SSI odds ratios were adjusted for differences in procedure mix, patient characteristics, and comorbidity profiles, while prophylaxis use odds ratios accounted for clinically related procedure groups.

^{^b}

Correlation coefficients were calculated on log-transformed ORs to meet assumptions of normality.

^{^c}

Due to low event rate, models for certain specialties did not converge (denoted with NA) and were thus left out of this analysis.

Discussion

In this analysis of 40 611 nonemergent pediatric surgical procedures from 93 hospitals, a high rate of noncompliance and practice variation was observed for consensus guidelines recommending against postoperative prophylaxis use. Hospitals with higher rates of postoperative use had similar SSI rates as compared with those with lower rates of postoperative antibiotic use, and findings were consistent across both incisional and organ space SSIs. Furthermore, high rates of noncompliance and negligible correlation between postoperative prophylaxis use and SSI measures were found within each individual surgical specialty.

The results of this study add to the growing body of evidence characterizing high rates of postoperative prophylaxis use in pediatric surgery.^17,19,22,24 To date, published data examining the influence of postoperative prophylaxis use on SSI in pediatric surgery have been conflicting and largely limited to retrospective studies or small randomized clinical trials focusing on individual procedures.^{26,27,28,29,30} To our knowledge, the present study represents the most comprehensive and robust analysis to date examining the association between postoperative prophylaxis use and SSI rates in pediatric surgery. Furthermore, this is the first analysis to assess this association across multiple surgical procedures and pediatric surgical specialties using standardized definitions and a rigorous medical record review process for both exposures and outcomes.

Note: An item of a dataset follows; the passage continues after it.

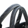 The suede portion of the shoulder strap is frayed, with slight hardware marks.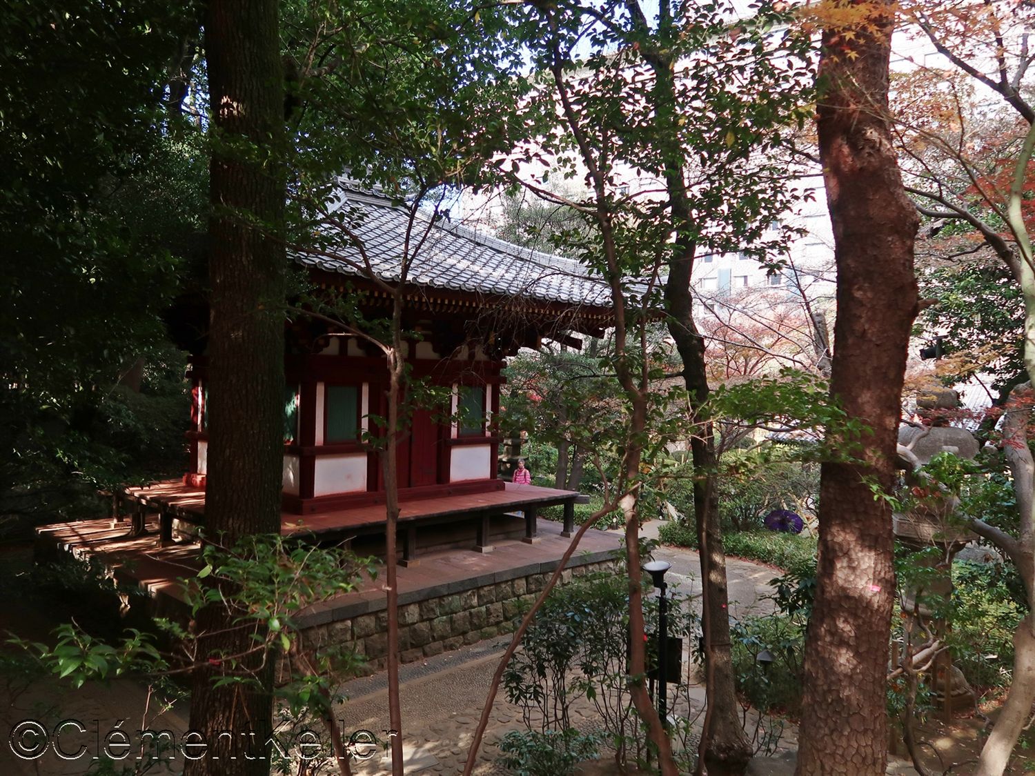 Le jardin intègre plusieurs édifices historiques déplacées, qui lui confèrent une valeur patrimoniale exceptionnelle. Le plus important est la salle Kannon-dō 観音堂 provient d’une pagode du temple Chōkyū-ji 長久寺 d’Ikoma dans la préfecture de Nara. Les deux étages supérieurs de cette pagode ont disparu. L’édifice généralement daté du XIVème siècle avait été déplacé en 1936 à Kamakura plus remonté en 1954 à sa place actuelle. Il abrite une statue de Kannon 観. Le second édifice, implanté dans l’axe de Kannon-do, est un portail de temple dont on ne connait pas la provenance. Le troisième élément placé à proximité du portail est un beffroi datant de 1656 provenant du temple Nenbutsu-ji 念佛寺 de Nara et reconstruit en 1959 sur l’emplacement actuel.

Significant variability was observed in this analysis across hospitals for both SSI measures and postoperative prophylaxis use. However, it is noteworthy that the absolute magnitude of hospital-level variation was much greater for postoperative prophylaxis use than for SSI measures. Absolute differences in rates of incisional SSI among hospitals ranged from 0% to 6.5%, while use of postoperative prophylaxis ranged from 0% to 71.2%. This variation imbalance, along with the lack of correlation between postoperative use and SSI rates, provides important context for the prioritization of antimicrobial stewardship and SSI prevention efforts. Accordingly, opportunities to reduce postoperative prophylaxis use are likely to be far more impactful among most hospitals than improvement efforts aimed at reducing SSI rates. Also, the lack of correlation between postoperative prophylaxis use and SSI outcomes and similar variation imbalance was observed for each individual surgical specialty, suggesting that substantial opportunities to improve antibiotic stewardship may exist throughout all areas of pediatric surgery.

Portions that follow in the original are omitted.